> [Task goal]: Write out the entries below once more, exactly, with the pictures left out.

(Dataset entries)
_ _ _
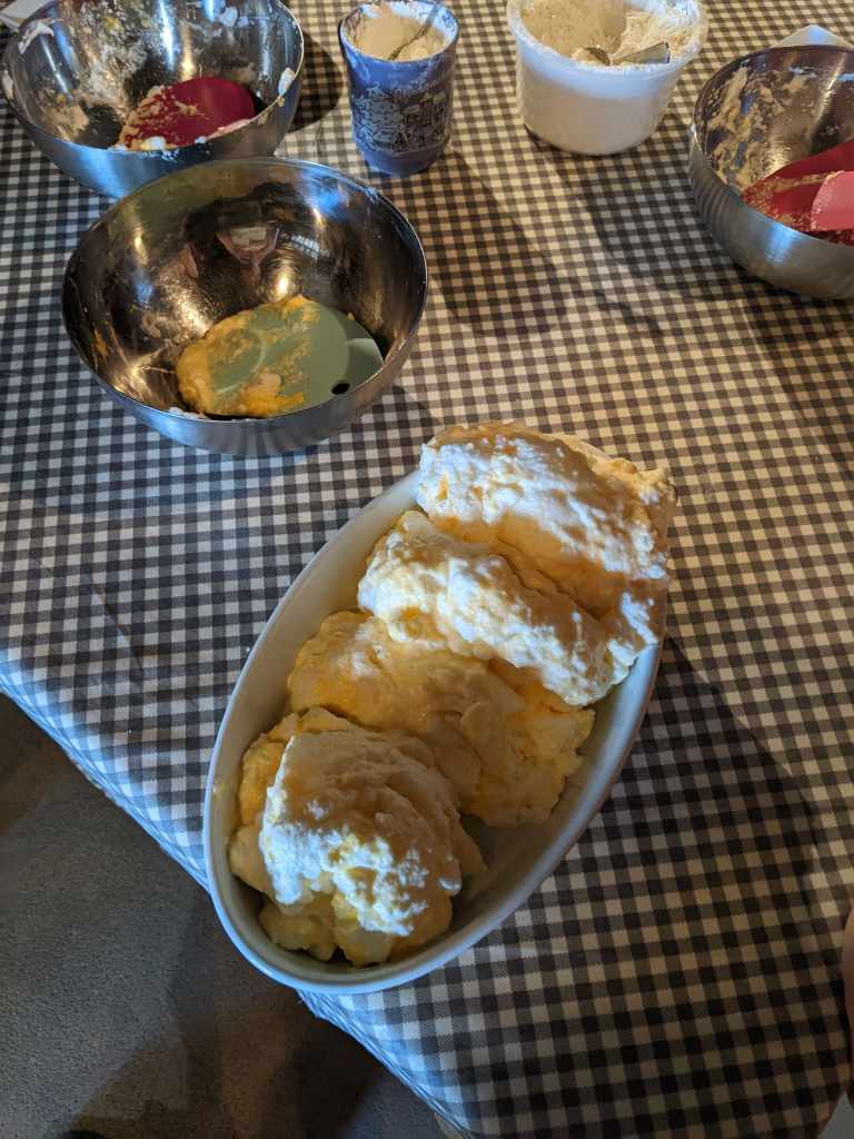 After we’d folded in some flour to keep those peaks stiff, we plopped our uncooked nockerl in a dish.
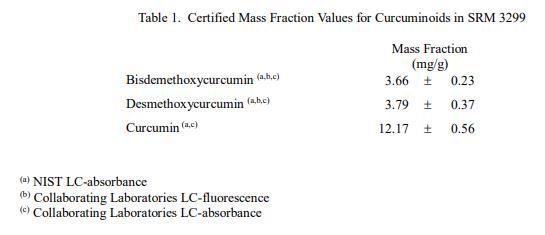 表 1 和表 2 提供了 SRM 3299 中姜黃素和元素的認(rèn)證質(zhì)量分?jǐn)?shù)值,以干質(zhì)量為基礎(chǔ)報(bào)告。NIST 認(rèn)證值是 NIST 對(duì)其準(zhǔn)確度有最高置信度的值因?yàn)樗幸阎蚩梢傻钠?jiàn)來(lái)源都已被調(diào)查或采取考慮[1]。價(jià)值分配分析由 NIST 和合作實(shí)驗(yàn)室進(jìn)行。認(rèn)證值計(jì)算為 NIST 方法平均值的未加權(quán)平均值和合作實(shí)驗(yàn)室平均值的加權(quán)中值(在適當(dāng)?shù)那闆r下)。相關(guān)的不確定性以大約 95% 的置信水平表示 [2-4]。
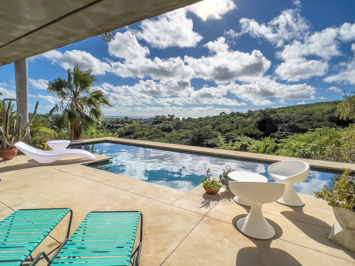 प्रशंसित आर्किटेक्ट जॉन हिक्स यांनी डिझाइन केलेले हे निसर्गरम्य बेट हे अटलांटिक महासागर आणि कॅरिबियन समुद्राच्या नेत्रदीपक दृश्यांसह एका हवेशीर टेकडीवर वसलेले एक शांत ओएसिस आहे. लॉफ्टमध्ये एक खाजगी रूफटॉप टेरेस, ओपन - एअर शॉवर, सुसज्ज किचन, हाय थ्रेड काउंट शीट्स, ओव्हरसाईज केलेले प्लश टॉवेल्स, मजबूत वायफाय आणि एक अनोखा सुंदर शेअर केलेला पूल आहे. प्रॉपर्टीची प्रायव्हसी असूनही, विक्वेसचे सर्वोत्तम बीच, रेस्टॉरंट्स आणि ट्रेल हेड्स काही मिनिटांच्या अंतरावर आहेत.
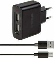 Сетевое зарядное устройство Interstep 2xUSB + кабель microUSB 2000мАч (черный)
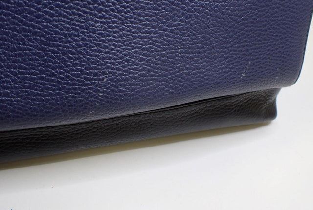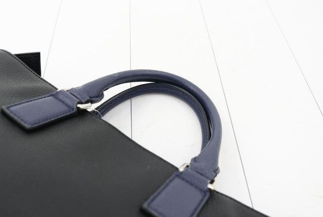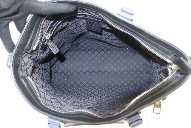 One Gucci Black Navy Blue Leather Cosmopolis Tote Bag. Item is sold AS-IS. All available information is listed in the description and shown in the photo. Bicolor black and navy blue leather Gucci Cosmopolis tote bag with silver-tone hardware, dual-rolled leather handles, front zip pocket, zip closure at top that opens to a black jacquard lining with zip and slip pockets. Handle Drop 4", Height 13.5", Width 12.5", Depth 4.5"
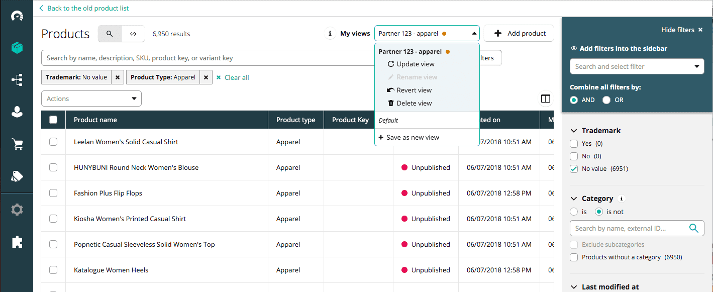 You can customize the layout (the visible columns in the Product list and Filter sidebar) and/or your searches, and save them as new views. Any changes applied to the layout, search, or filters is denoted by an orange dot in the My views drop-down.
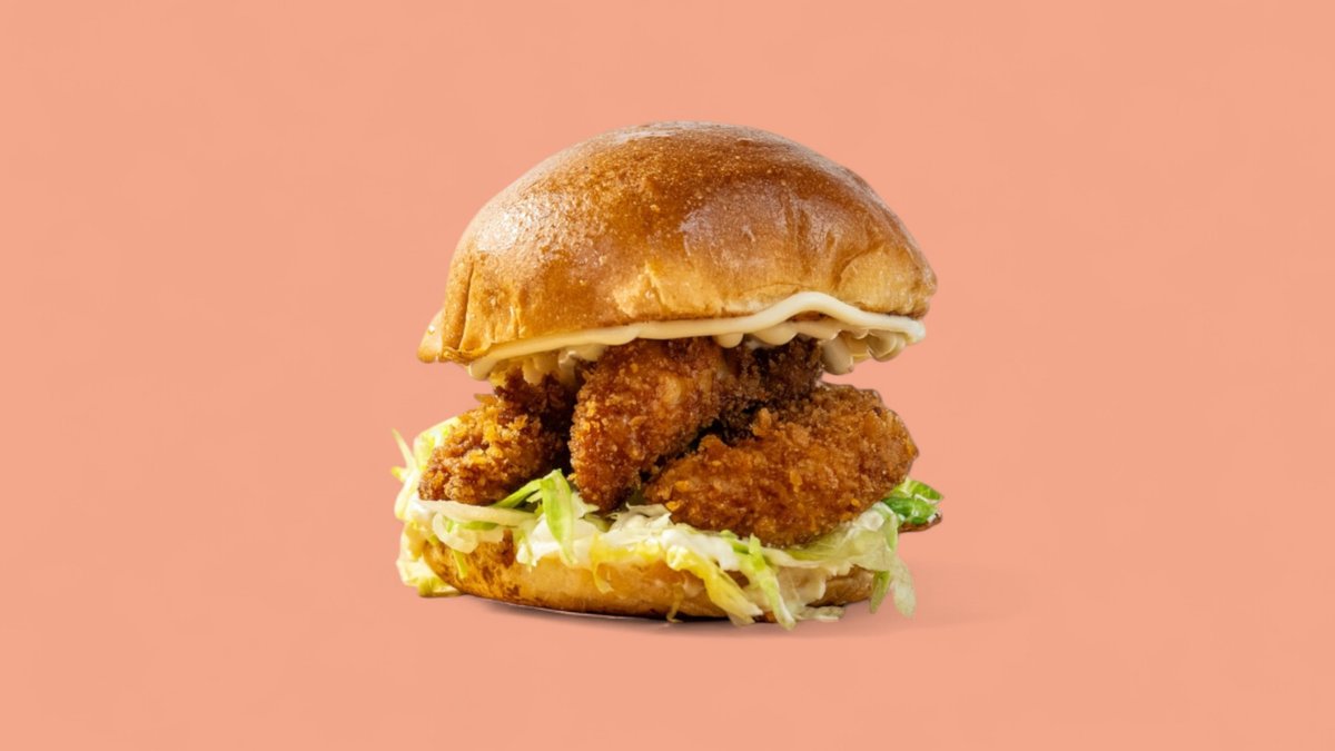 300г - прясно изпечена Бриош питка, хрупкави пилешки бон филета по японска рецепта с Терияки и панировка, айсберг и майонеза
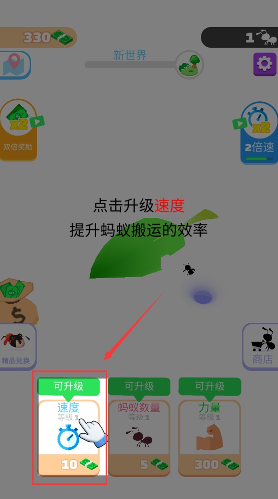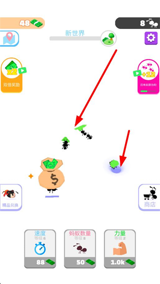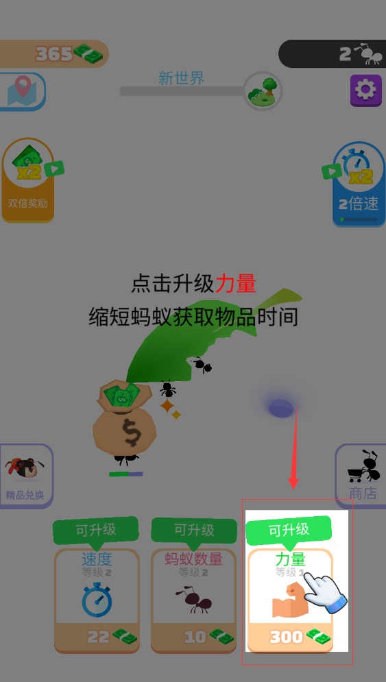 3、最后強化螞蟻的力量值,使其能夠搬運更重的物資獲得額外積分。
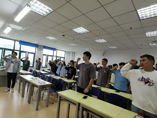 活动第一项:重温入党誓词。由组织委员张卓带领全体党员重温入党誓词,并现场缴纳9月份的党费。
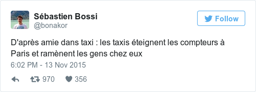 Reports on Twitter suggest that taxis in Paris are bringing people to their destinations for free at present.
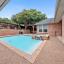 The open kitchen is a dream for any home chef, offering abundant prep space, extensive cabinetry, a designer backsplash, stainless steel appliances, and a pot filler above the stove. There are 2 bedrooms and 2 full bathrooms on the main level, including a spacious primary suite with a large walk-in shower, dual vanities, and a generous walk-in closet. A separate guest suite also on the main level overlooks the pool and has access to a full bath that’s perfect for hosting family or friends.
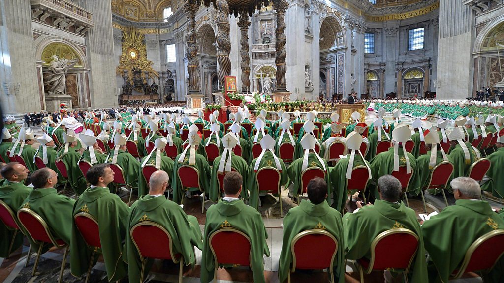 Pope Francis has brought together nearly 300 bishops from all over the world for a special Synod on the Family. He has asked them to speak frankly and with courage about his Church’s most divisive teachings – those that affect the sex lives of more than billion people. The stakes are high. Just calling the synod has raised hopes among liberal Catholics, who would like Rome to relax its teachings on homosexuality, birth control and divorce and remarriage. But will the reformers succeed given that the Church’s new powerhouse is Africa, where many believers want their bishops to uphold tradition and doctrine? In the final episode, Helen Grady travels to Rome to try to understand what is happening inside the Synod. All the key meetings take place behind closed doors, so it’s not obvious what the bishops are talking about or which way the debate is heading. Helen speaks to bishop delegates from Ireland, Nigeria, Australia and Algeria and gets their take on what is happening in the surprisingly modern conference room where the Synod meets every day. And she tries to find a way through the spin and intrigue that are part and parcel of reporting on the Vatican. Interviewees include: Archbishop of Armagh, Eamon Martin; Archbishop of Kaduna, Matthew Man’oso Ndagoso; Bishop of Oran, Jean-Paul Vesco; Archbishop of Syndey, Cardinal George Pell; and Christopher Lamb, Rome correspondent for the international Catholic magazine The Tablet. (Photo: Pope Francis celebrates the closing Mass of the XIV Ordinary Meeting of the Synod of Bishops in the Saint Peter"s Basilica. Credit: EPA)
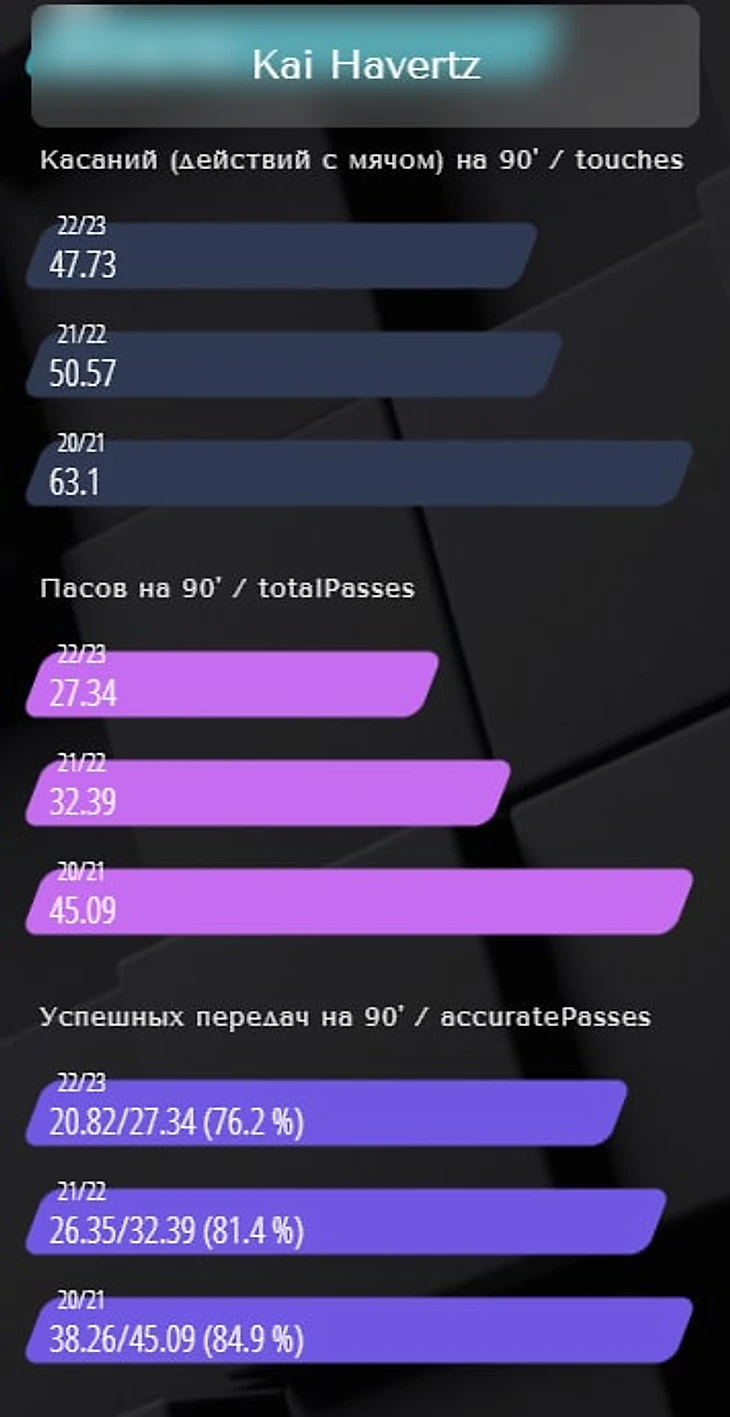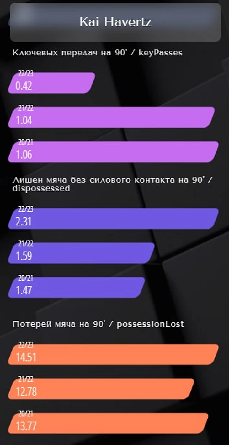 Но я всё же скажу: Хавертц – это смесь ультра деревянного и супер мега ужасного игрока прямо сейчас. Вот, например, инфографика моей web-программы по Хавертцу в сравнении с его же показателями за последние три сезона:
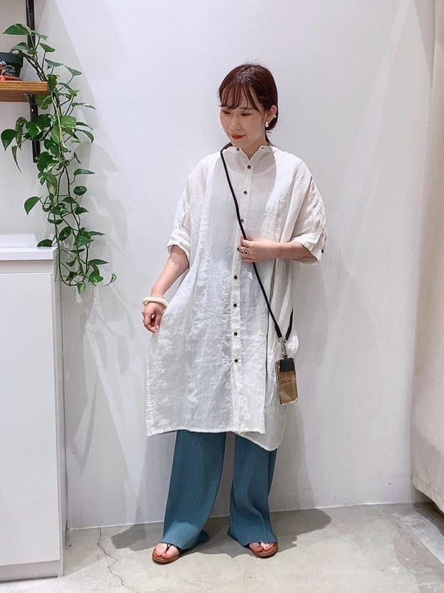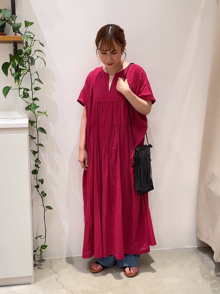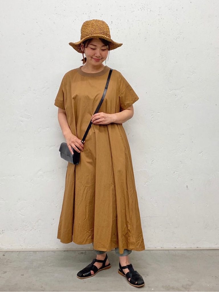 ワンピースはハリ感のあるタイプライター素材で、着心地も軽くお洗濯してもすぐに乾きやすいのが魅力。一枚でも充分可愛いですが、ワンピーススタイルを楽しみながらアクティブに動きたい時は、中にパンツをレイヤードするのがおすすめ。麦わら帽子など夏小物をプラスすれば、季節感のある華やかなコーデに仕上がります。
_ _ _
> [Written solution]:
 After we’d folded in some flour to keep those peaks stiff, we plopped our uncooked nockerl in a dish.
 表 1 和表 2 提供了 SRM 3299 中姜黃素和元素的認(rèn)證質(zhì)量分?jǐn)?shù)值,以干質(zhì)量為基礎(chǔ)報(bào)告。NIST 認(rèn)證值是 NIST 對(duì)其準(zhǔn)確度有最高置信度的值因?yàn)樗幸阎蚩梢傻钠?jiàn)來(lái)源都已被調(diào)查或采取考慮[1]。價(jià)值分配分析由 NIST 和合作實(shí)驗(yàn)室進(jìn)行。認(rèn)證值計(jì)算為 NIST 方法平均值的未加權(quán)平均值和合作實(shí)驗(yàn)室平均值的加權(quán)中值(在適當(dāng)?shù)那闆r下)。相關(guān)的不確定性以大約 95% 的置信水平表示 [2-4]。
 प्रशंसित आर्किटेक्ट जॉन हिक्स यांनी डिझाइन केलेले हे निसर्गरम्य बेट हे अटलांटिक महासागर आणि कॅरिबियन समुद्राच्या नेत्रदीपक दृश्यांसह एका हवेशीर टेकडीवर वसलेले एक शांत ओएसिस आहे. लॉफ्टमध्ये एक खाजगी रूफटॉप टेरेस, ओपन - एअर शॉवर, सुसज्ज किचन, हाय थ्रेड काउंट शीट्स, ओव्हरसाईज केलेले प्लश टॉवेल्स, मजबूत वायफाय आणि एक अनोखा सुंदर शेअर केलेला पूल आहे. प्रॉपर्टीची प्रायव्हसी असूनही, विक्वेसचे सर्वोत्तम बीच, रेस्टॉरंट्स आणि ट्रेल हेड्स काही मिनिटांच्या अंतरावर आहेत.
 Сетевое зарядное устройство Interstep 2xUSB + кабель microUSB 2000мАч (черный)
 One Gucci Black Navy Blue Leather Cosmopolis Tote Bag. Item is sold AS-IS. All available information is listed in the description and shown in the photo. Bicolor black and navy blue leather Gucci Cosmopolis tote bag with silver-tone hardware, dual-rolled leather handles, front zip pocket, zip closure at top that opens to a black jacquard lining with zip and slip pockets. Handle Drop 4", Height 13.5", Width 12.5", Depth 4.5"
 You can customize the layout (the visible columns in the Product list and Filter sidebar) and/or your searches, and save them as new views. Any changes applied to the layout, search, or filters is denoted by an orange dot in the My views drop-down.
 300г - прясно изпечена Бриош питка, хрупкави пилешки бон филета по японска рецепта с Терияки и панировка, айсберг и майонеза
 3、最后強化螞蟻的力量值,使其能夠搬運更重的物資獲得額外積分。
 活动第一项:重温入党誓词。由组织委员张卓带领全体党员重温入党誓词,并现场缴纳9月份的党费。
 Reports on Twitter suggest that taxis in Paris are bringing people to their destinations for free at present.
 The open kitchen is a dream for any home chef, offering abundant prep space, extensive cabinetry, a designer backsplash, stainless steel appliances, and a pot filler above the stove. There are 2 bedrooms and 2 full bathrooms on the main level, including a spacious primary suite with a large walk-in shower, dual vanities, and a generous walk-in closet. A separate guest suite also on the main level overlooks the pool and has access to a full bath that’s perfect for hosting family or friends.
 Pope Francis has brought together nearly 300 bishops from all over the world for a special Synod on the Family. He has asked them to speak frankly and with courage about his Church’s most divisive teachings – those that affect the sex lives of more than billion people. The stakes are high. Just calling the synod has raised hopes among liberal Catholics, who would like Rome to relax its teachings on homosexuality, birth control and divorce and remarriage. But will the reformers succeed given that the Church’s new powerhouse is Africa, where many believers want their bishops to uphold tradition and doctrine? In the final episode, Helen Grady travels to Rome to try to understand what is happening inside the Synod. All the key meetings take place behind closed doors, so it’s not obvious what the bishops are talking about or which way the debate is heading. Helen speaks to bishop delegates from Ireland, Nigeria, Australia and Algeria and gets their take on what is happening in the surprisingly modern conference room where the Synod meets every day. And she tries to find a way through the spin and intrigue that are part and parcel of reporting on the Vatican. Interviewees include: Archbishop of Armagh, Eamon Martin; Archbishop of Kaduna, Matthew Man’oso Ndagoso; Bishop of Oran, Jean-Paul Vesco; Archbishop of Syndey, Cardinal George Pell; and Christopher Lamb, Rome correspondent for the international Catholic magazine The Tablet. (Photo: Pope Francis celebrates the closing Mass of the XIV Ordinary Meeting of the Synod of Bishops in the Saint Peter"s Basilica. Credit: EPA)
 Но я всё же скажу: Хавертц – это смесь ультра деревянного и супер мега ужасного игрока прямо сейчас. Вот, например, инфографика моей web-программы по Хавертцу в сравнении с его же показателями за последние три сезона:
 ワンピースはハリ感のあるタイプライター素材で、着心地も軽くお洗濯してもすぐに乾きやすいのが魅力。一枚でも充分可愛いですが、ワンピーススタイルを楽しみながらアクティブに動きたい時は、中にパンツをレイヤードするのがおすすめ。麦わら帽子など夏小物をプラスすれば、季節感のある華やかなコーデに仕上がります。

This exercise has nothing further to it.